Together with our earlier studies, the data presented here support the conclusion that FSTL-1 is a major mediator of the inflammatory cascade that underlies arthritis. For instance, we have demonstrated that over-expression of FSTL-1 in mouse paws by gene transfer resulted in severe paw swelling and arthritis (15
), while neutralization of FSTL-1 suppressed arthritis (11
). Also, transfection of FSTL-1 into macrophages and fibroblasts lead to up-regulation of proinflammatory cytokines with central roles in chronic arthritis, including IL-1-β and TNF-α (11
While expression of FSTL-1 in osteoblasts and fibroblasts has been previously reported, the finding that FSTL-1 can be produced by other mesenchymal cells, including adipoctyes and chondrocytes, is novel. These results, along with the observation that synovial fluid levels are 2–3 fold higher than serum levels, support the conclusion that the joint is a primary source of FSTL-1. Furthermore, it supports the concept that the joint matrix, including bone, cartilage, and adipose tissue, is not merely a passive target of destruction by blood-derived immune cells in arthritis; rather, this joint matrix plays an active role in perpetuating and amplifying the inflammatory response by releasing pro-inflammatory mediators, such as FSTL-1.
The present study suggests that systemic-onset JRA is characterized by elevated concentrations of serum and synovial fluid FSTL-1 that are not observed in other forms of JRA. Elevation of serum FSTL-1 correlated closely with markers of disease activity in systemic-onset JRA, including elevated ESR and platelet count, but we did not observe this correlation in oligoarthritis or polyarthritis. These data suggest that FSTL-1 might be useful as a biomarker of disease activity in this JRA subtype. An important caveat is that, although the results are statistically-significant, the number of systemic onset samples available to us was small. It will be important to validate these findings in a larger cohort of patients. Also, because we used banked samples, we had limited clinical data other than ESR and platelet counts. It will be of interest to compare FSTL-1 levels to additional measures of clinical activity.
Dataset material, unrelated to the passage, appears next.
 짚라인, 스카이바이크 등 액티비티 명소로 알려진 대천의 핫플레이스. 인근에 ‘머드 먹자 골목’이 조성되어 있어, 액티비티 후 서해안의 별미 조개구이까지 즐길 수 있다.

The specificity for systemic JRA is interesting in light of our finding that FSTL-1 secretion from human fibroblast-like synoviocytes was significantly greater following incubation with IL-1β than with TNF-α. Systemic-onset JRA has recently been shown to have a strong IL-1β gene expression signature (17
). Many patients with systemic-onset JRA respond well to the IL-1 receptor antagonist, Anakinra, (17
) but less well to anti-TNF therapy (4
). However, it is as yet unclear why patients with polyarticular and oligoarticular arthritis did not have elevated FSTL-1 titers, since TNF-α also induced FSTL-1 secretion from fibroblast-like synoviocytes, albeit to a lesser degree, and TNF-α is a central cytokine in polyarticular disease (2
). It is possible that the preferential induction of FSTL-1 by IL-1β is more pronounced in vivo than in vitro, although this is speculative and requires further study.
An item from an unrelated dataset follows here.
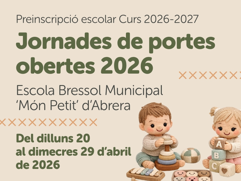Aquesta és una ocasió única per descobrir com es fomenta el desenvolupament cognitiu, emocional i social dels petits i petites a l'Escola Bressol Municipal Món Petit. I del divendres  8 al divendres 22 de maig (ambdós inclosos) el centre abrerenc durà a terme el període de preinscripció pel curs 2026-2027. Preneu nota!

These findings suggest the possibility that FSTL-1 might be a useful biomarker in other disorders driven by IL-1β, such as the autoinflammatory syndromes, including Muckle-Wells and neonatal-onset multisystem inflammatory disease (NOMID) (19
). We are currently investigating this possibility. None of the samples we evaluated were from subjects with macrophage activation syndrome (MAS), which is a serious complication of systemic-onset JRA that can lead to rapid deterioration and death if not treated aggressively. Whether FSTL-1 titers might be useful to screen for MAS is currently under investigation.
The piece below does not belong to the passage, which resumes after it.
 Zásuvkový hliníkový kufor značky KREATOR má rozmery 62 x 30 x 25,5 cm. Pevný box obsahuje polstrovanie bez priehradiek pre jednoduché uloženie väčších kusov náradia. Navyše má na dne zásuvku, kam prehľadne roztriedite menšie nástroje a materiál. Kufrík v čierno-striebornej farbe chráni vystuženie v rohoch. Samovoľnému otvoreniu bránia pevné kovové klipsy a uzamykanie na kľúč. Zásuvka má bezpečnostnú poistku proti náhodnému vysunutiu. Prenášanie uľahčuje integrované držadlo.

In conclusion, in this study FSTL-1 was found to be a biomarker of active disease in systemic JIA. Further studies are needed to confirm these observations in a larger cohort and to determine whether FSTL-1 might also be useful as a biomarker in other autoimmune and autoinflammatory conditions, particularly those with a strong IL-1β component. FSTL-1 may also represent a therapeutic target in certain forms of arthritis and other inflammatory diseases.